**MATERIAL PROVIDED:**
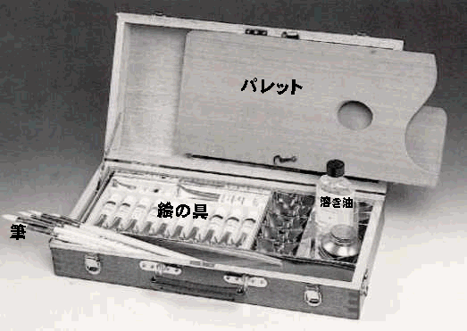 1.油絵の具●基本色の12色セットを購入します。描いていて混色が難しい時は市販品を使った方が鮮明に描けます。 (混色するほどに色は濁り透明感が失われます。) |
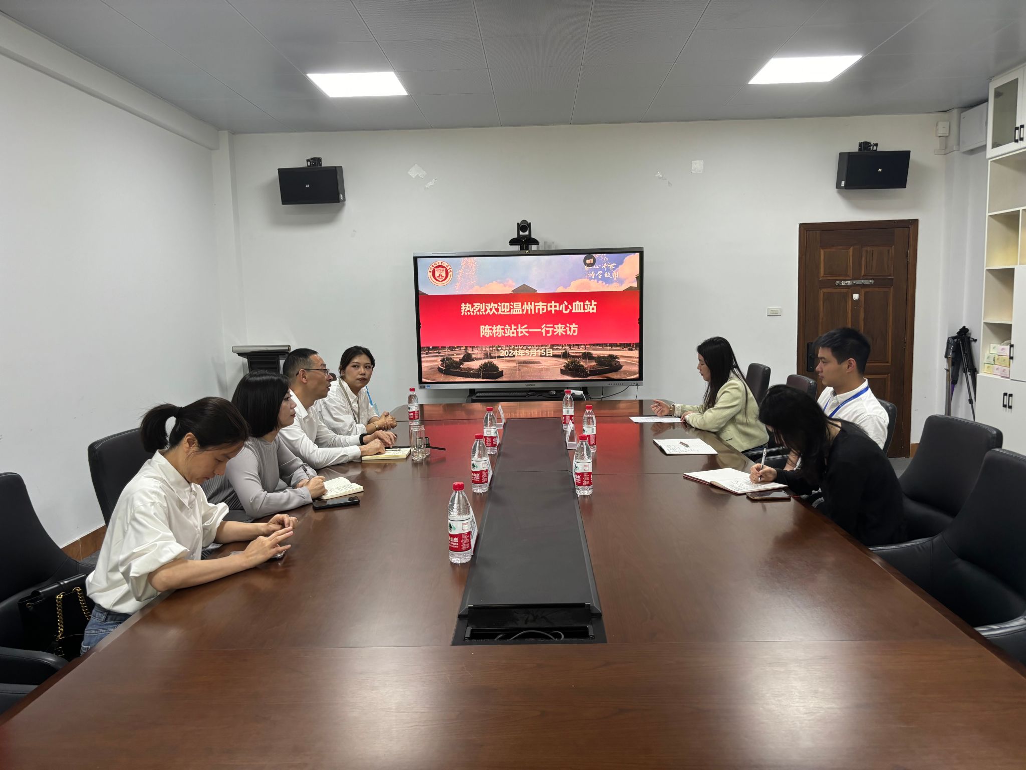 5月15日,温州市中心血站站长陈栋一行来色花堂调研无偿献血工作。色花堂 党委副书记张立康、团委书记王翩翩及志愿者服务中心指导老师等参加了座谈。
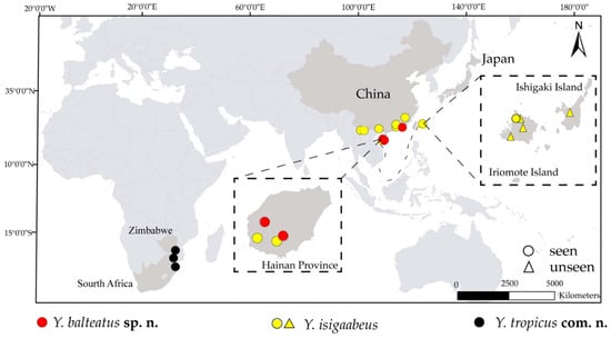 Distribution. Yaeprimus was known only from two small Japanese islands for Y. isigaabeus. Our study has expanded the genus distribution to south China, South Africa, and Zimbabwe. All specimens have been collected from subtropical and tropical regions.
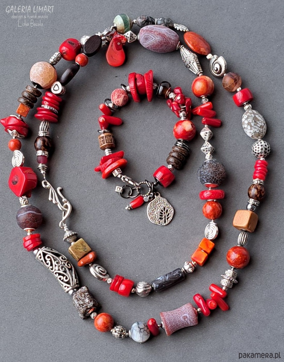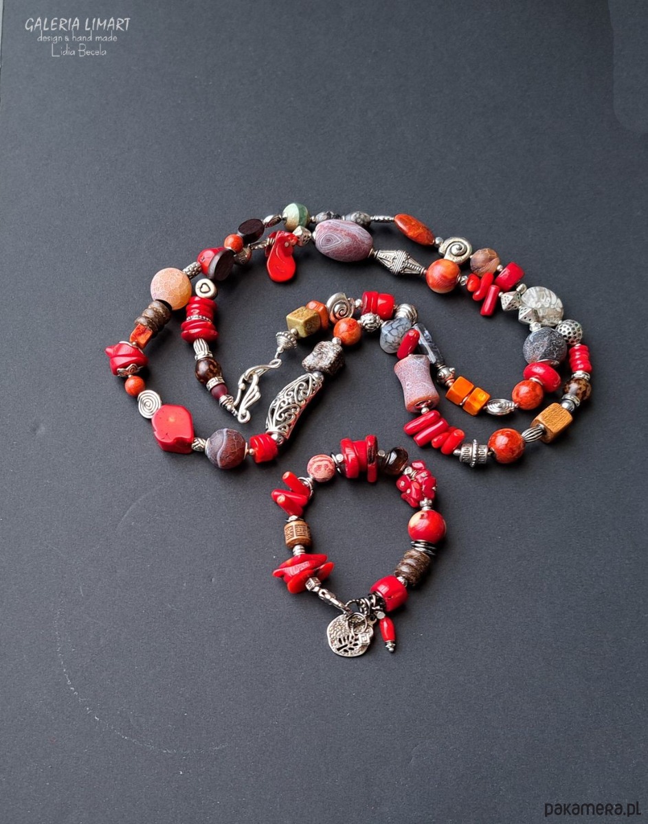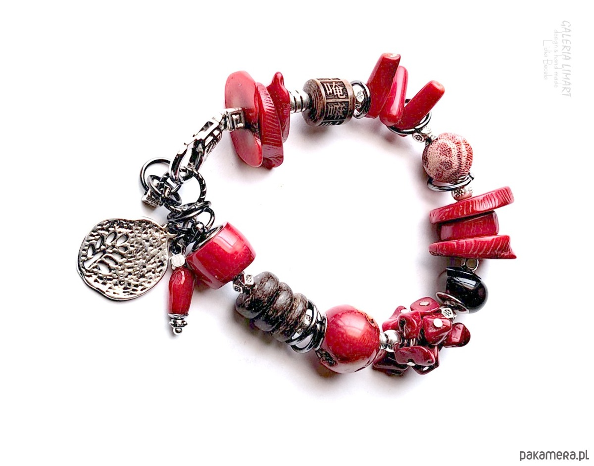 Niezwykła bransoleta boho z koralem i mixem minerałów bis prezent lux UNIKAT

**TO DO:**
Set the whole listing down again unchanged, apart from the pictures, which are omitted.

**TASK OUTPUT:**
 1.油絵の具●基本色の12色セットを購入します。描いていて混色が難しい時は市販品を使った方が鮮明に描けます。 (混色するほどに色は濁り透明感が失われます。) |
 5月15日,温州市中心血站站长陈栋一行来色花堂调研无偿献血工作。色花堂 党委副书记张立康、团委书记王翩翩及志愿者服务中心指导老师等参加了座谈。
 Distribution. Yaeprimus was known only from two small Japanese islands for Y. isigaabeus. Our study has expanded the genus distribution to south China, South Africa, and Zimbabwe. All specimens have been collected from subtropical and tropical regions.
 Niezwykła bransoleta boho z koralem i mixem minerałów bis prezent lux UNIKAT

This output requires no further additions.